At Paris Fashion Week in September 2023, start-up Humane stunned the tech press with a tiny, screen-less gadget clipped to a jacket lapel: the Ai Pin. The wearable promised voice-first controls, a laser projector that turned any hand into a display, and enough on-device intelligence to live without a phone.
When the finished product finally shipped in April 2024 – at roughly 700$ plus a monthly fee – reviewers found it slow, hot and unreliable. Basic tasks mis-fired, battery life was short, and big claims from Humane’s earlier TED demo simply did not work.
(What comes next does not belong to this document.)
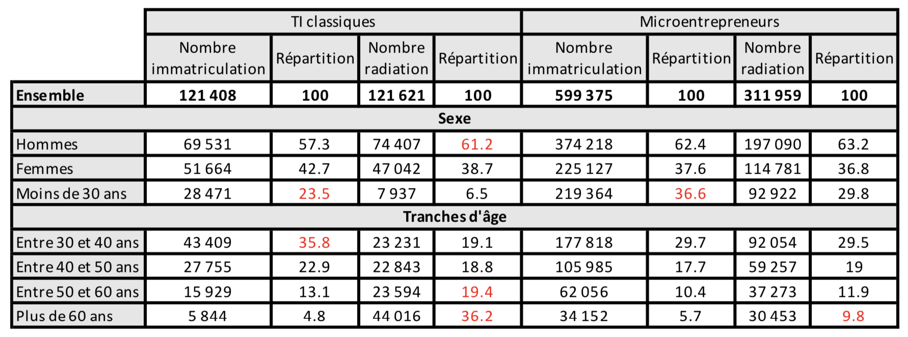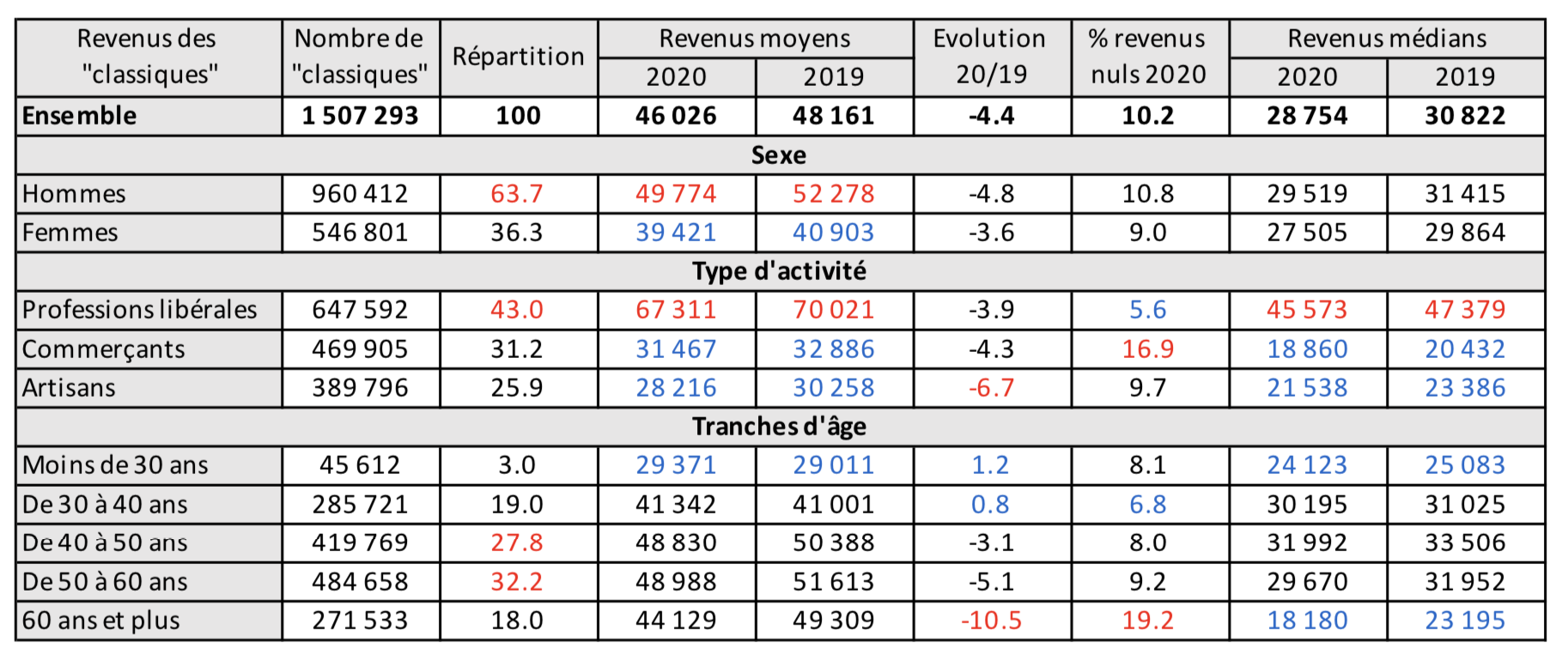 Cette baisse a été plus prononcée chez les hommes (-4,8%), majoritaires (63,7%). Le groupe professionnel le plus touché par la baisse du revenu moyen est l’artisanat avec une baisse de 6,7%, alors que celui des professions libérales diminue de 3,9%. Les moins de 40 ans sont les seuls à avoir vu leur revenu moyen augmenter (autour de 1%), alors que les 60 ans et plus ont vu leur revenu baisser de plus de 10%.

Daily customer returns soon outnumbered new sales.
Things worsened that summer: Humane urged owners to stop using the Pin’s charging case because a third-party battery could overheat, then issued a formal recall in October.
Facing poor demand, the company lowered the Pin’s price and tried to license its CosmOS software to other firms, showing concept videos of the OS running in cars, TVs and speakers. But no partners were announced, and news leaked that Humane was looking to sell itself.
On 18 February 2025, Humane agreed to sell most of its assets, including CosmOS, 300-plus patents and key staff, to HP. The Pin’s cloud servers went dark on 28 February, leaving owners with a badge that can show its own battery level but little else. HP folded the team into a new “HP IQ” lab to explore AI features for future PCs and printers.
The wider industry took note. In May 2025, legendary Apple designer Jony Ive called both the Ai Pin and rival Rabbit R1 “very poor products,” arguing that real innovation demands deeper thinking than voice plus a neural network.